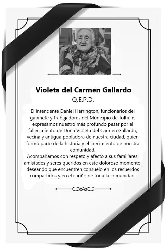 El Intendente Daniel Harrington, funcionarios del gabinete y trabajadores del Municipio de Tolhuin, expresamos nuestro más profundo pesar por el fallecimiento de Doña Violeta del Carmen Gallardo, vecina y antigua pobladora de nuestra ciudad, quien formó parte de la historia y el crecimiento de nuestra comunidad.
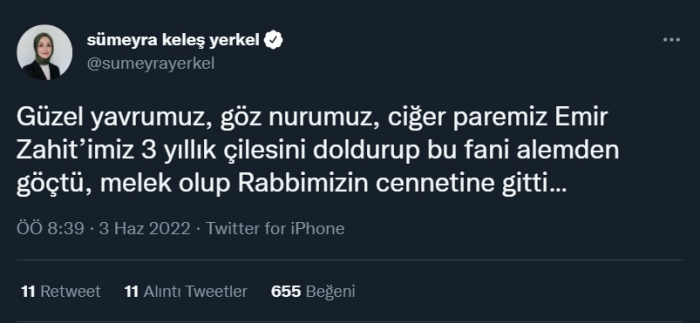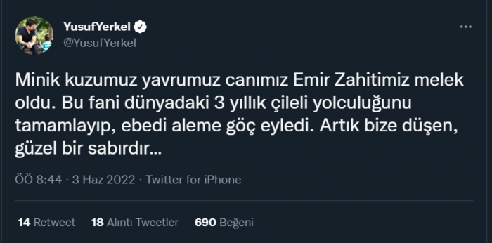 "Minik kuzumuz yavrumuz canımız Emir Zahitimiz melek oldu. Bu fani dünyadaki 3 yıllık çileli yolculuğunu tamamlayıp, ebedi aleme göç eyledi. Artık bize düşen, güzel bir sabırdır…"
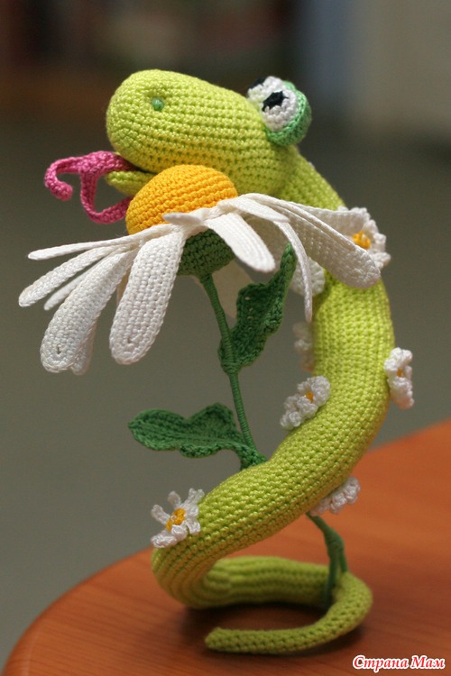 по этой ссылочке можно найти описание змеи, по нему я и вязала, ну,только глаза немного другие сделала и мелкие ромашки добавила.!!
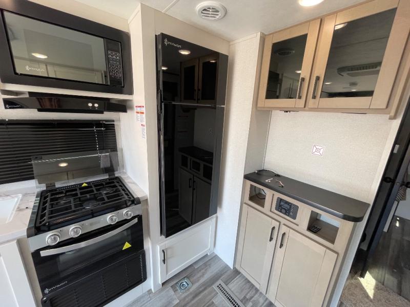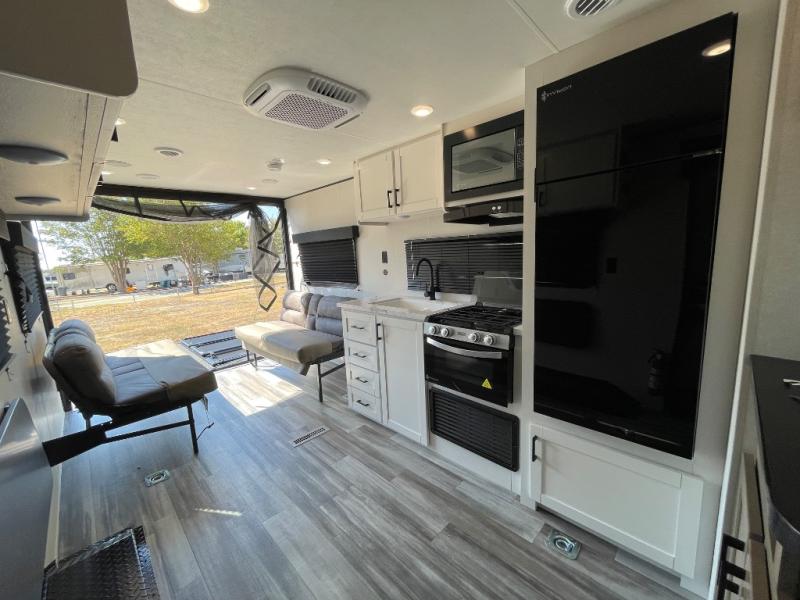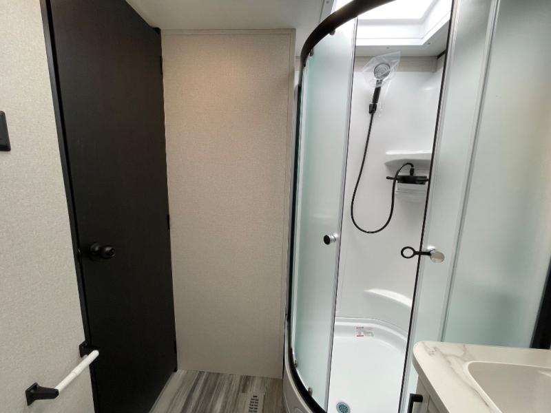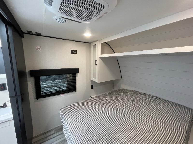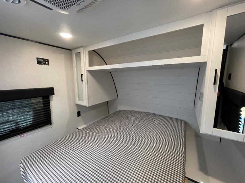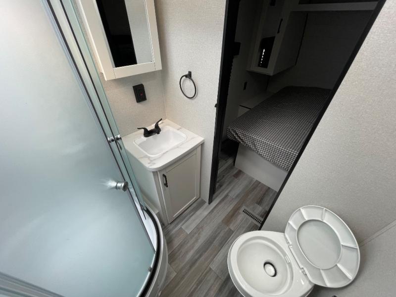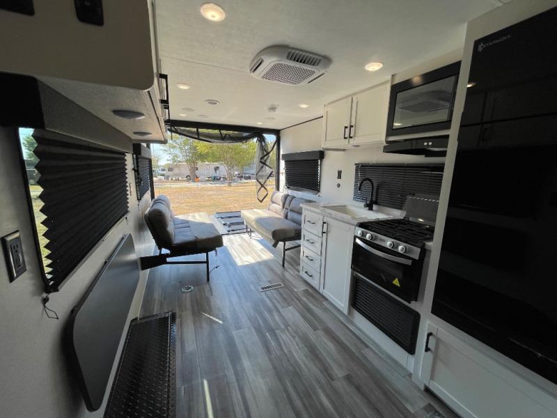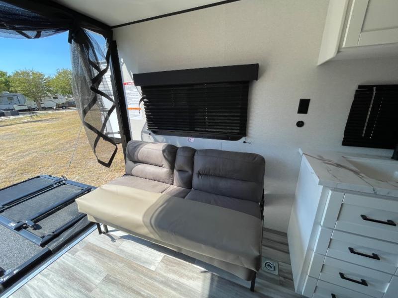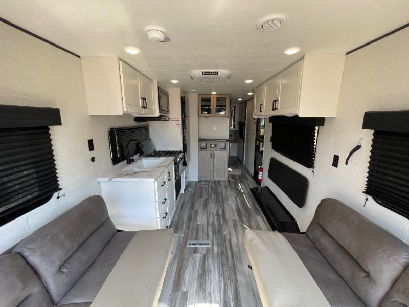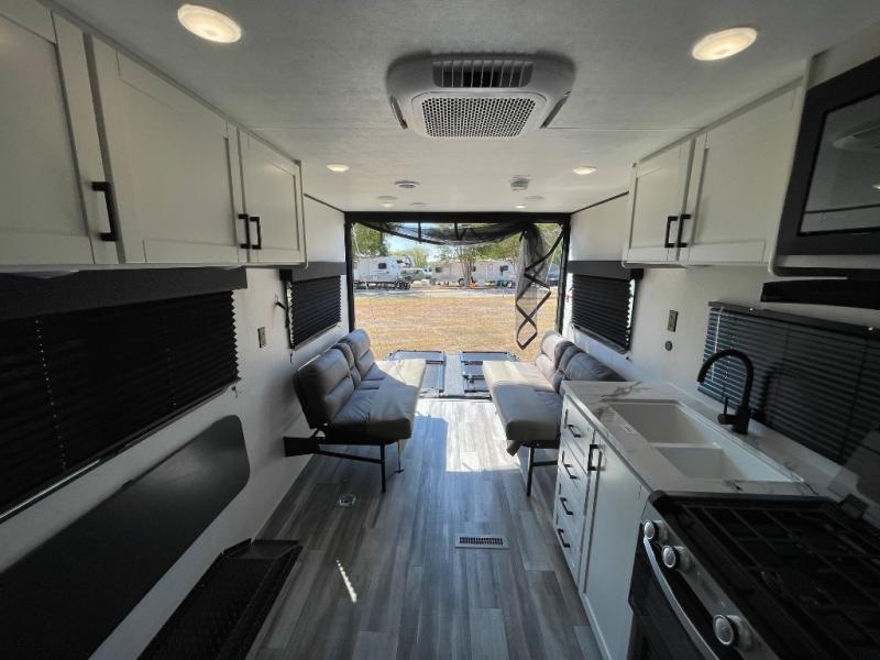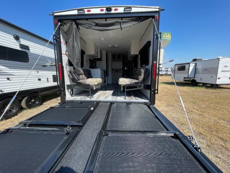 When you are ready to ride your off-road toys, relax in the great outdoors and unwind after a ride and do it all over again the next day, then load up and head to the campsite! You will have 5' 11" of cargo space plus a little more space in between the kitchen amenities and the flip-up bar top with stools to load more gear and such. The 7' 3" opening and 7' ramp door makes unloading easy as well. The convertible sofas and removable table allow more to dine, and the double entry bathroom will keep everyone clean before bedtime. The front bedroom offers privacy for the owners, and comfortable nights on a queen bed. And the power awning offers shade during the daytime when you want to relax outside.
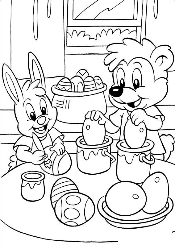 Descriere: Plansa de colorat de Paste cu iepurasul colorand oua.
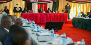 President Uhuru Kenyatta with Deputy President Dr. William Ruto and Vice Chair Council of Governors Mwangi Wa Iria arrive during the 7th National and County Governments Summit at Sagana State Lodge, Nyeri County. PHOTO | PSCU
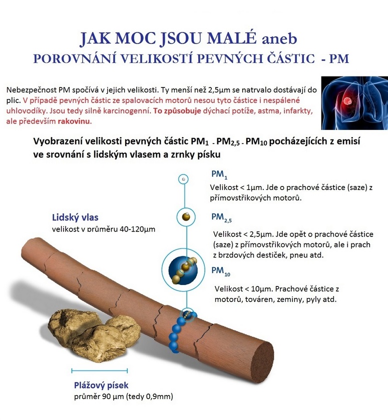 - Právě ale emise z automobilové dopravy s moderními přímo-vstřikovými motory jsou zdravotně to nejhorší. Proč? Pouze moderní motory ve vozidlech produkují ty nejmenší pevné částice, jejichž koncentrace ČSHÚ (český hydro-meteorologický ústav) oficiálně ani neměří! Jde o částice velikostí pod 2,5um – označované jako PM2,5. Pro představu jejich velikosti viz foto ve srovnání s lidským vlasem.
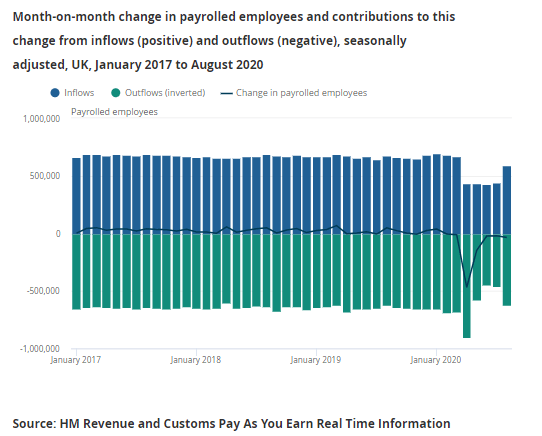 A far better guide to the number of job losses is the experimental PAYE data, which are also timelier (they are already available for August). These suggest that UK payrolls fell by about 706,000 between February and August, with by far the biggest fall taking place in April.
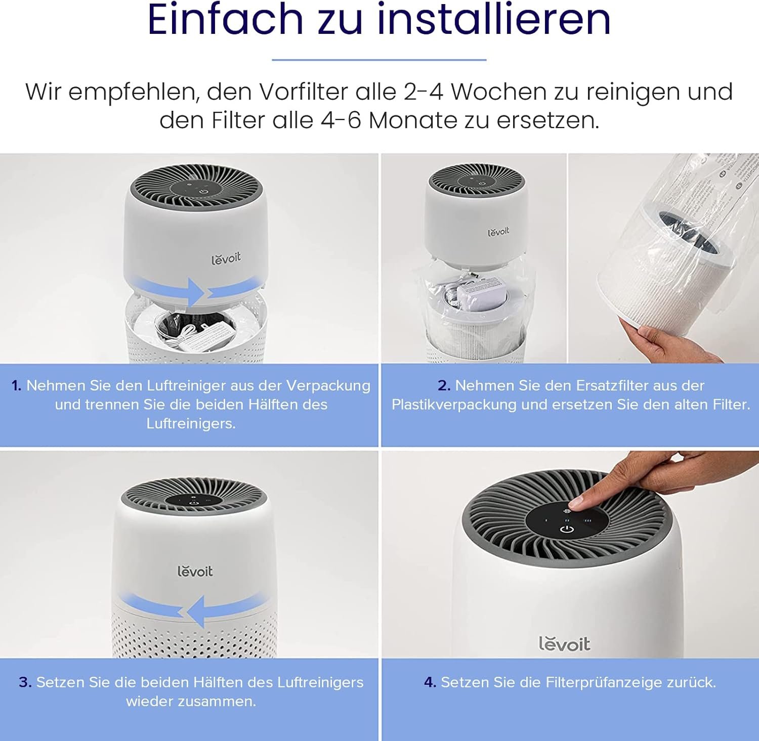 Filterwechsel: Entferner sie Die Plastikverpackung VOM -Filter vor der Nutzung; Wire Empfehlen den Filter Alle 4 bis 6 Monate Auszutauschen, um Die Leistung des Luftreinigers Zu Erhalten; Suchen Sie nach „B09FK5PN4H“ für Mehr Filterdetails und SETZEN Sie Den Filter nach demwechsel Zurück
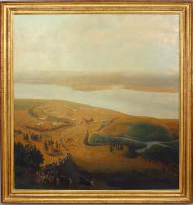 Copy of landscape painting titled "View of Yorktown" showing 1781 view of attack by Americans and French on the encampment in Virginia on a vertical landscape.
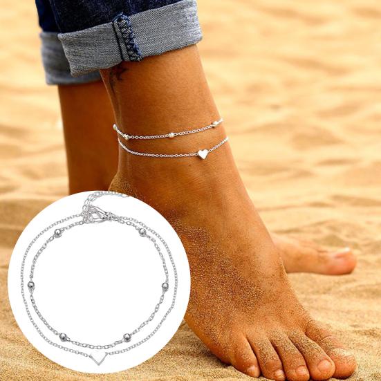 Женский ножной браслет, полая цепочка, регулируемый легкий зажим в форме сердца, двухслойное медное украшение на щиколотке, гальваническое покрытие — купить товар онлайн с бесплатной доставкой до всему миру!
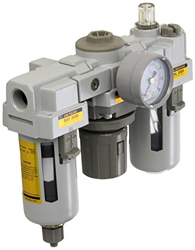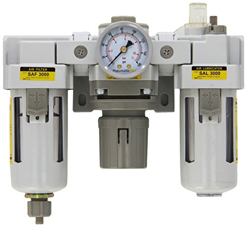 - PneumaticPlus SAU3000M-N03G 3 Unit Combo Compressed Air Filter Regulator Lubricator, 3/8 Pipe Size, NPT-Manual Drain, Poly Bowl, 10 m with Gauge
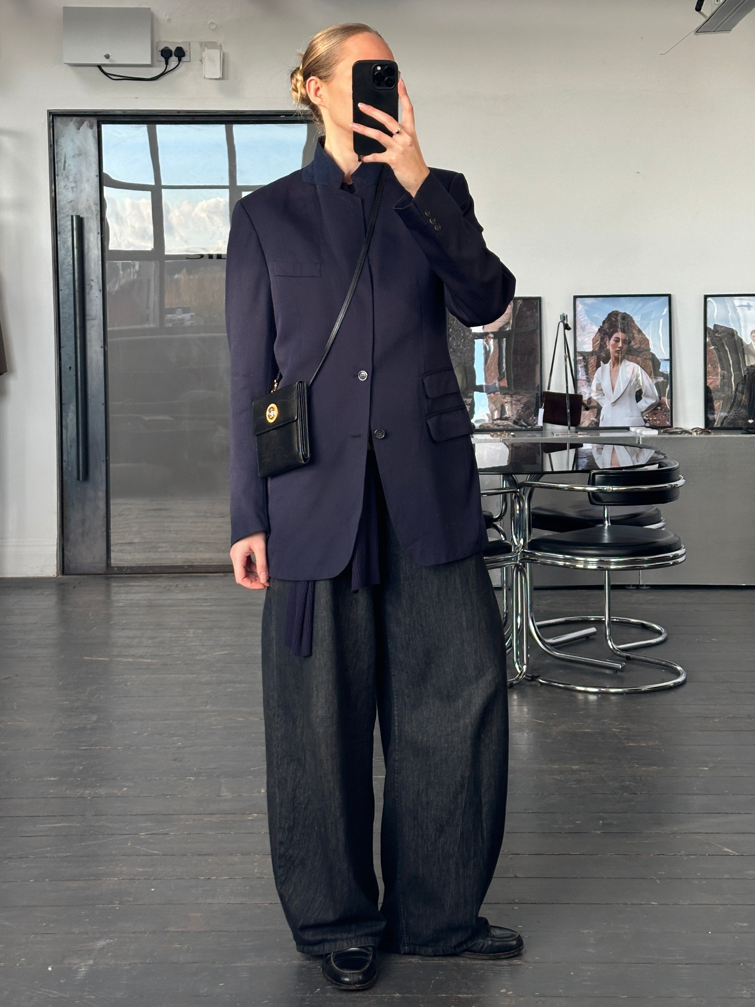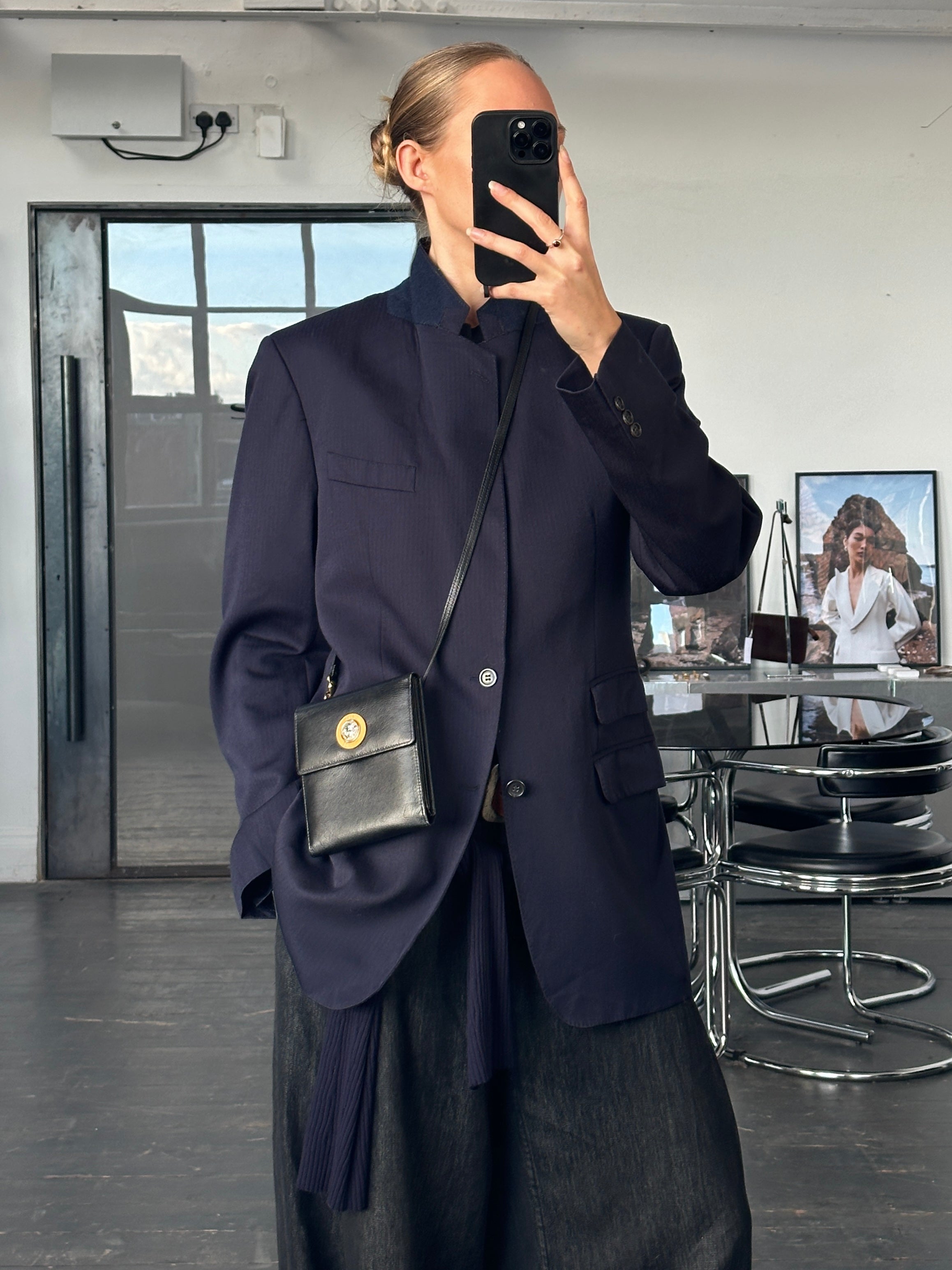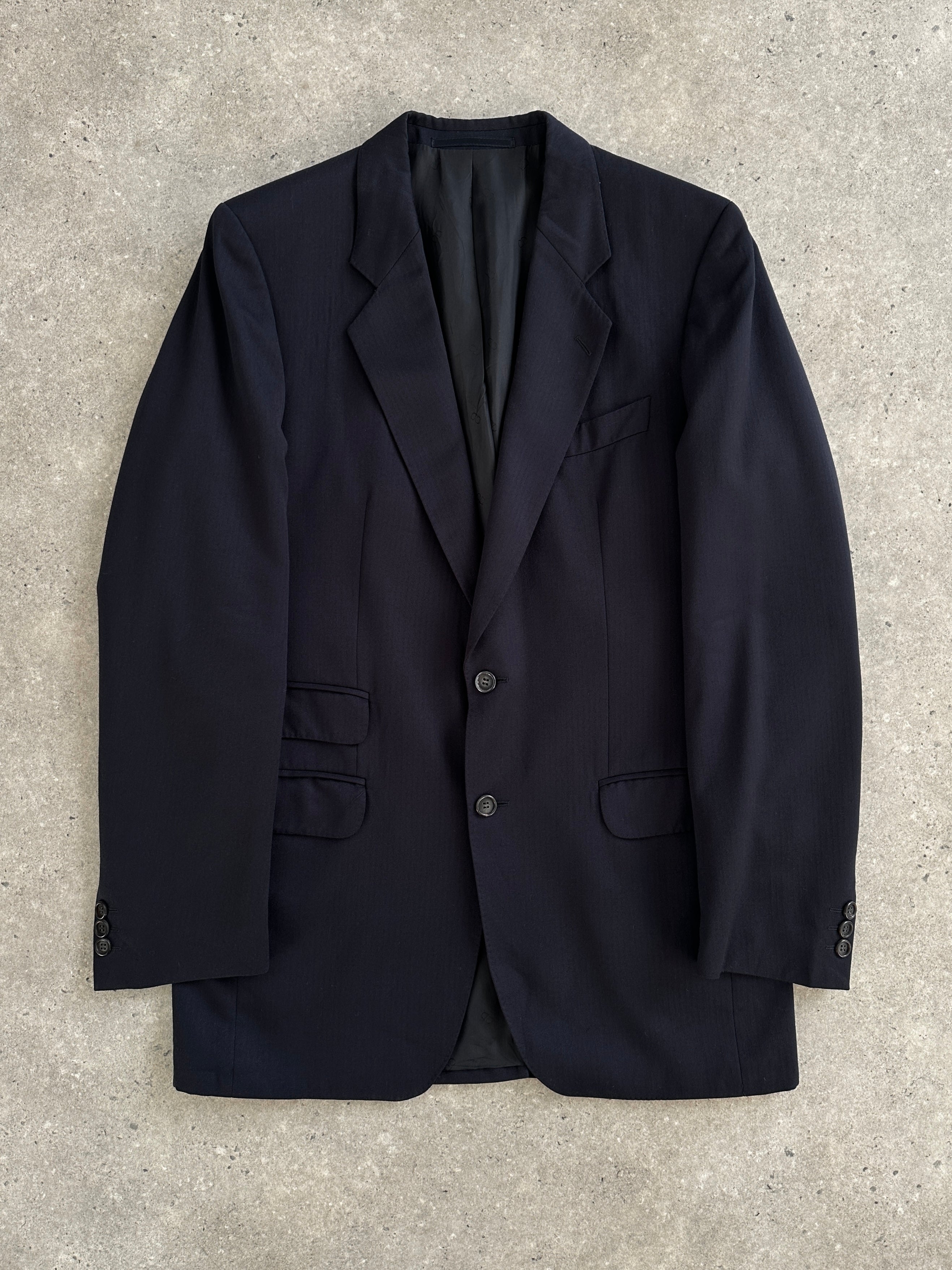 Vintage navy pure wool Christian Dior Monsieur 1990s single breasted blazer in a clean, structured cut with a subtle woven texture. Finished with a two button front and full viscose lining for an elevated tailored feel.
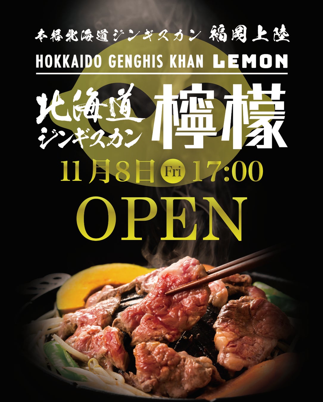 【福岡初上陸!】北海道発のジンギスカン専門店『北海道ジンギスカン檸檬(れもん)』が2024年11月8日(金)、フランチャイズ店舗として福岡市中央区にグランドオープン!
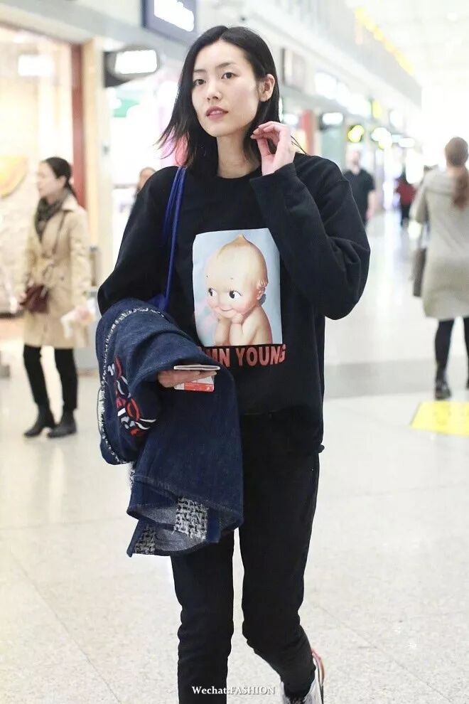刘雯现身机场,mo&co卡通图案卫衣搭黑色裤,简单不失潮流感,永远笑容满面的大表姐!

════════════════

* [EXERCISE INSTRUCTIONS]: Copy every record exactly; no pictures.

* [ANSWER TO THE EXERCISE]:
 El Intendente Daniel Harrington, funcionarios del gabinete y trabajadores del Municipio de Tolhuin, expresamos nuestro más profundo pesar por el fallecimiento de Doña Violeta del Carmen Gallardo, vecina y antigua pobladora de nuestra ciudad, quien formó parte de la historia y el crecimiento de nuestra comunidad.
 "Minik kuzumuz yavrumuz canımız Emir Zahitimiz melek oldu. Bu fani dünyadaki 3 yıllık çileli yolculuğunu tamamlayıp, ebedi aleme göç eyledi. Artık bize düşen, güzel bir sabırdır…"
 по этой ссылочке можно найти описание змеи, по нему я и вязала, ну,только глаза немного другие сделала и мелкие ромашки добавила.!!
 When you are ready to ride your off-road toys, relax in the great outdoors and unwind after a ride and do it all over again the next day, then load up and head to the campsite! You will have 5' 11" of cargo space plus a little more space in between the kitchen amenities and the flip-up bar top with stools to load more gear and such. The 7' 3" opening and 7' ramp door makes unloading easy as well. The convertible sofas and removable table allow more to dine, and the double entry bathroom will keep everyone clean before bedtime. The front bedroom offers privacy for the owners, and comfortable nights on a queen bed. And the power awning offers shade during the daytime when you want to relax outside.
 Descriere: Plansa de colorat de Paste cu iepurasul colorand oua.
 President Uhuru Kenyatta with Deputy President Dr. William Ruto and Vice Chair Council of Governors Mwangi Wa Iria arrive during the 7th National and County Governments Summit at Sagana State Lodge, Nyeri County. PHOTO | PSCU
 - Právě ale emise z automobilové dopravy s moderními přímo-vstřikovými motory jsou zdravotně to nejhorší. Proč? Pouze moderní motory ve vozidlech produkují ty nejmenší pevné částice, jejichž koncentrace ČSHÚ (český hydro-meteorologický ústav) oficiálně ani neměří! Jde o částice velikostí pod 2,5um – označované jako PM2,5. Pro představu jejich velikosti viz foto ve srovnání s lidským vlasem.
 A far better guide to the number of job losses is the experimental PAYE data, which are also timelier (they are already available for August). These suggest that UK payrolls fell by about 706,000 between February and August, with by far the biggest fall taking place in April.
 Filterwechsel: Entferner sie Die Plastikverpackung VOM -Filter vor der Nutzung; Wire Empfehlen den Filter Alle 4 bis 6 Monate Auszutauschen, um Die Leistung des Luftreinigers Zu Erhalten; Suchen Sie nach „B09FK5PN4H“ für Mehr Filterdetails und SETZEN Sie Den Filter nach demwechsel Zurück
 Copy of landscape painting titled "View of Yorktown" showing 1781 view of attack by Americans and French on the encampment in Virginia on a vertical landscape.
 Женский ножной браслет, полая цепочка, регулируемый легкий зажим в форме сердца, двухслойное медное украшение на щиколотке, гальваническое покрытие — купить товар онлайн с бесплатной доставкой до всему миру!
 - PneumaticPlus SAU3000M-N03G 3 Unit Combo Compressed Air Filter Regulator Lubricator, 3/8 Pipe Size, NPT-Manual Drain, Poly Bowl, 10 m with Gauge
 Vintage navy pure wool Christian Dior Monsieur 1990s single breasted blazer in a clean, structured cut with a subtle woven texture. Finished with a two button front and full viscose lining for an elevated tailored feel.
 【福岡初上陸!】北海道発のジンギスカン専門店『北海道ジンギスカン檸檬(れもん)』が2024年11月8日(金)、フランチャイズ店舗として福岡市中央区にグランドオープン!
刘雯现身机场,mo&co卡通图案卫衣搭黑色裤,简单不失潮流感,永远笑容满面的大表姐!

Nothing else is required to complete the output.